§ EXERCISE: Beginning with the first line, retype exactly the records below up to and including the line with "Ali Sami Yen’de"; pictures do not belong in the copy.

[DATA FOR REVIEW]

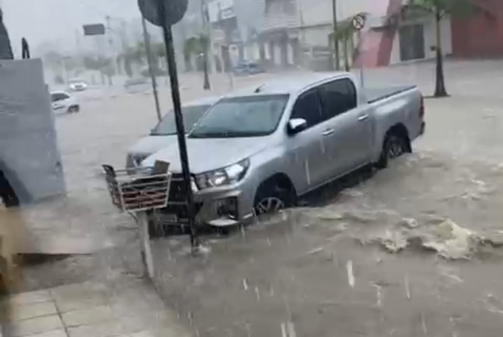 A forte chuva que ocorreu no início da tarde desta sexta-feira (27), causou alagamentos em ruas e avenidas, ocasionado transtornos aos comerciantes e moradores da cidade.
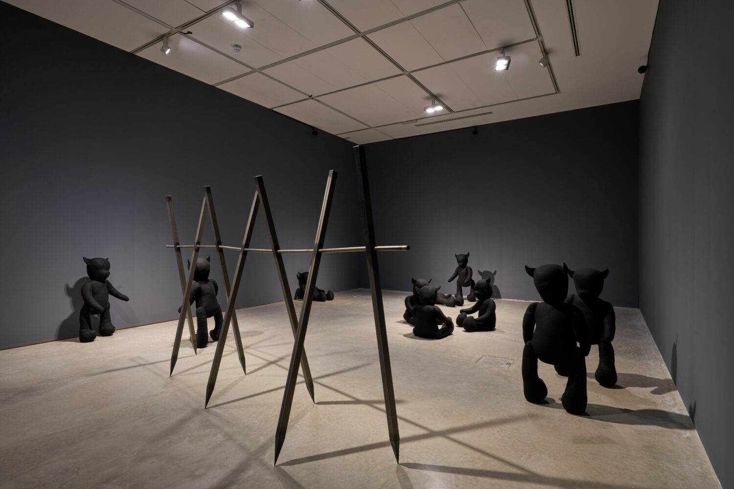 Hiding is also evident in the new installation of Ten Teddies (2017) for John Hansard Gallery; the first time they are located within a black space, is this a bad dream or personal trauma?
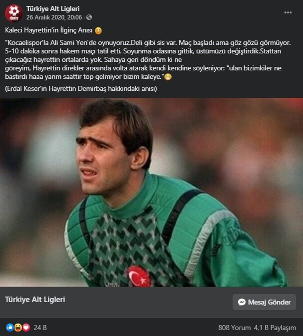 “Kocaelispor’la Ali Sami Yen’de oynuyoruz. Deli gibi sis var. Maç başladı ama göz gözü görmüyor. 5-10 dakika sonra hakem maçı tatil etti. Soyunma odasına gittik, üstümüzü değiştirdik. Stattan çıkacağız hayrettin ortalarda yok. Sahaya geri döndüm ki ne göreyim, Hayrettin direkler arasında volta atarak kendi kendine söyleniyor: “ulan bizimkiler ne bastırdı haaa yarım saattir top gelmiyor bizim kaleye.”
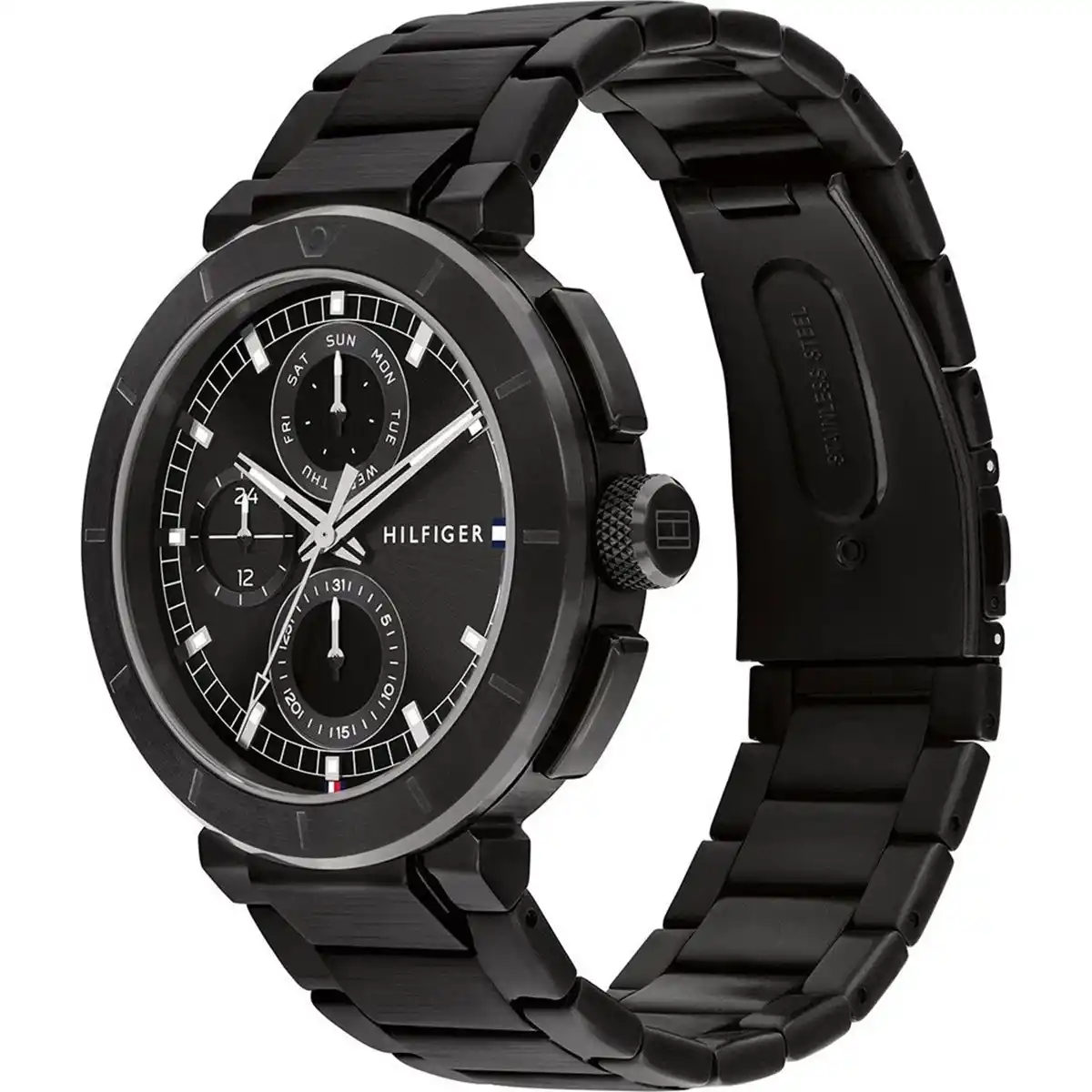 ساعة تومي هيلفيغر للرجال أصلية موديل 1792119 لون اسود و استيك معدن ستانلس لون اسود.
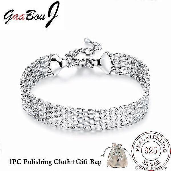 925 Sterling Silver Lucky Bracelet Cuff Women Girls
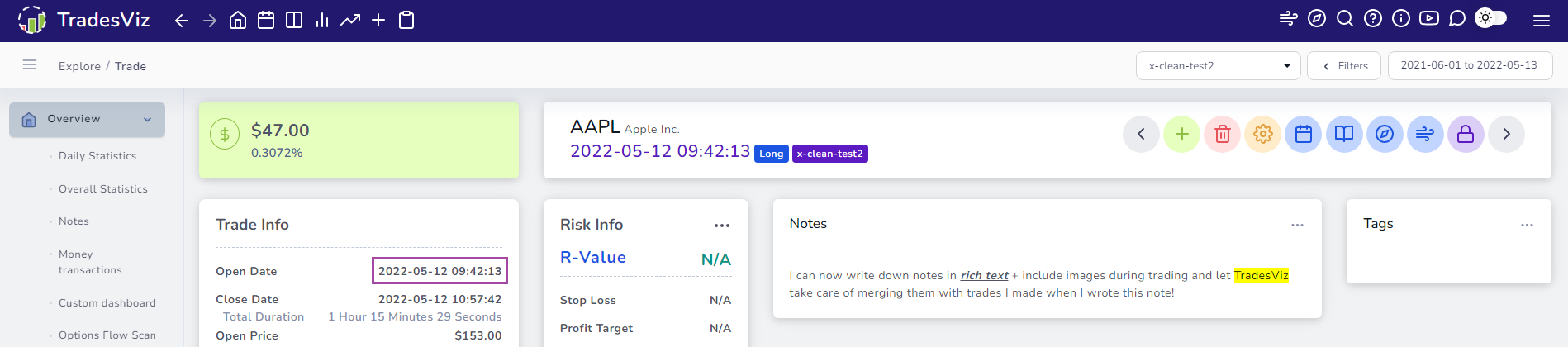 This eliminates the step of writing down your notes on another platform or trying to remember them. Since TradesViz already helps you by plotting the trades on various charts, with this feature, you can do real-time journaling without losing any information and with very little effort!

[/DATA FOR REVIEW]

§ THE ANSWER:
 A forte chuva que ocorreu no início da tarde desta sexta-feira (27), causou alagamentos em ruas e avenidas, ocasionado transtornos aos comerciantes e moradores da cidade.
 Hiding is also evident in the new installation of Ten Teddies (2017) for John Hansard Gallery; the first time they are located within a black space, is this a bad dream or personal trauma?
 “Kocaelispor’la Ali Sami Yen’de oynuyoruz. Deli gibi sis var. Maç başladı ama göz gözü görmüyor. 5-10 dakika sonra hakem maçı tatil etti. Soyunma odasına gittik, üstümüzü değiştirdik. Stattan çıkacağız hayrettin ortalarda yok. Sahaya geri döndüm ki ne göreyim, Hayrettin direkler arasında volta atarak kendi kendine söyleniyor: “ulan bizimkiler ne bastırdı haaa yarım saattir top gelmiyor bizim kaleye.”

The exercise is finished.